Я потеряла чувство времени, это случается, когда живешь на лодке. Здесь, на качающемся сорокашестифутовом пространстве забываешь обо всем плохом. Ну или почти обо всем. Я до сих пор иногда репетирую про себя, как говорю папе, что мне нужно лететь в Фэрбанкс на смотр танцоров. Теперь, когда папа и дядя вовсю пытаются помочь Сэму, который беспокоится о братьях и постоянно о них спрашивает, на лодке особенно сильно ощущается необходимость действовать быстро. Знаю, я тоже могла бы принять во всем этом участие, да я и не сижу сложа руки, но если папа и дядя так самоотверженно помогают Сэму, то почему они не могут понять, что моя жизнь состоит не только из этой лодки?
Сэм сейчас одет в старую папину толстовку серого цвета и в еще более древние зеленые непромокаемые штаны, которые подвернуты в три слоя, чтобы он в них не запутался. Все его лицо измазано рыбьей кровью оттого, что он слишком низко наклоняется, когда вырезает из тушек артерии. Это проблема всех новичков, но я этого ему не говорю. На прошлой неделе я заметила, что больше не смотрю на Сэма так, будто пожираю его глазами. Я пытаюсь скрывать свои чувства.
Но когда он улыбается, меня потряхивает. Что это? Почему я не могу устоять на ногах? Наверное, мы столкнулись с другой лодкой. Так я себя успокаиваю, пытаясь не смотреть на коричневую родинку над губой Сэма, которая теперь сливается с красно-бурыми пятнышками рыбьей крови, брызнувшей ему на лицо.
— Так, хорошо, я свои десять рыбин выпотрошила. Наверное, нужно снова запустить снасть, — говорю я.

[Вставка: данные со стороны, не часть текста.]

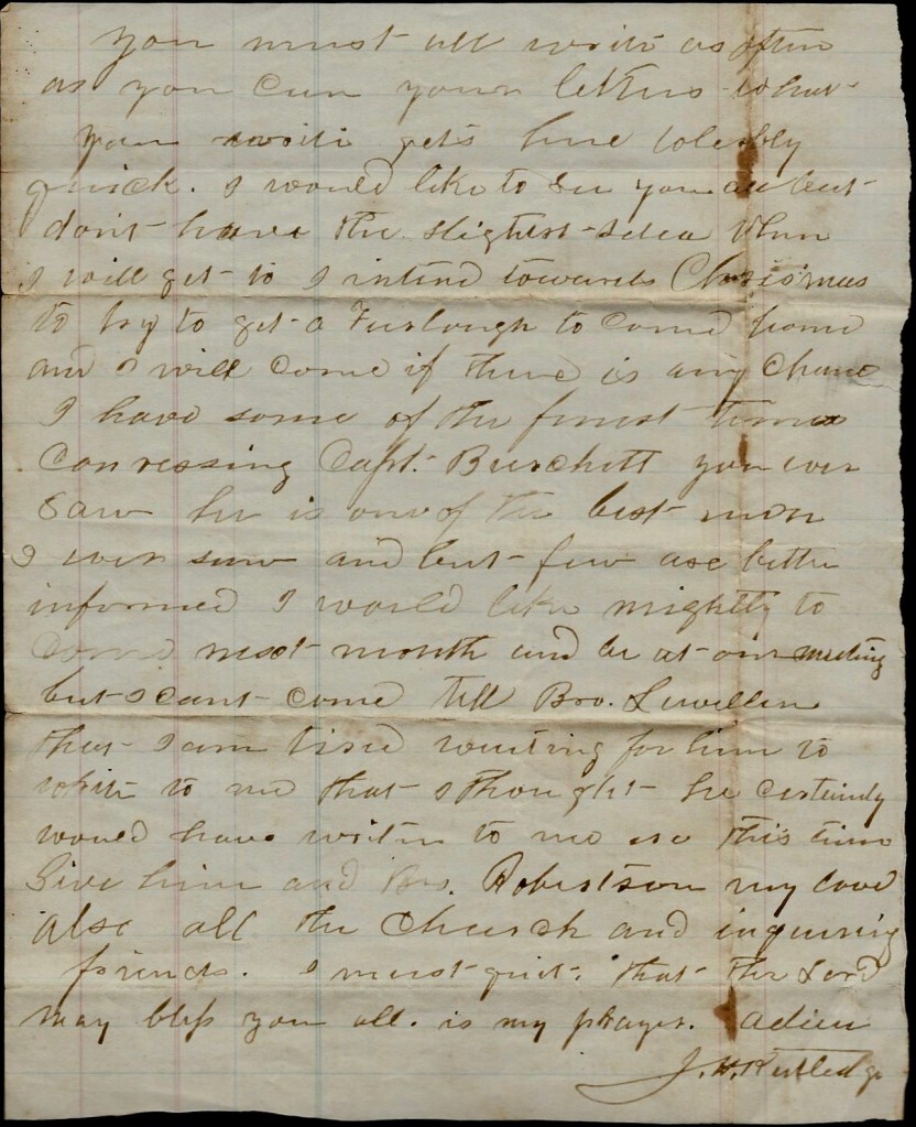 Oh! I will complain at Bro. Lewellen some for not writing to me. I wrote to him a long time ago and he got my letter and has not answered it yet. I hope you [have] the enjoyment of all the immunities of Providence. Your most affectionate son, — J. H. Rutledge

Мы уже начали по-доброму подкалывать друг друга, как это всегда случается на лодках. Сэм быстро научился делать много всего, но мне все еще приходится по второму кругу потрошить после него рыбу. Я никогда раньше не была одной из самых опытных на лодке, и теперь я будто смотрю на себя в прошлом, когда мне разрешали прикасаться только к горбуше: это отвратительные вонючие мелкие рыбешки, которые стоят немного. Еще у них отовсюду вытекает серая слизь, но раньше мне это даже нравилось.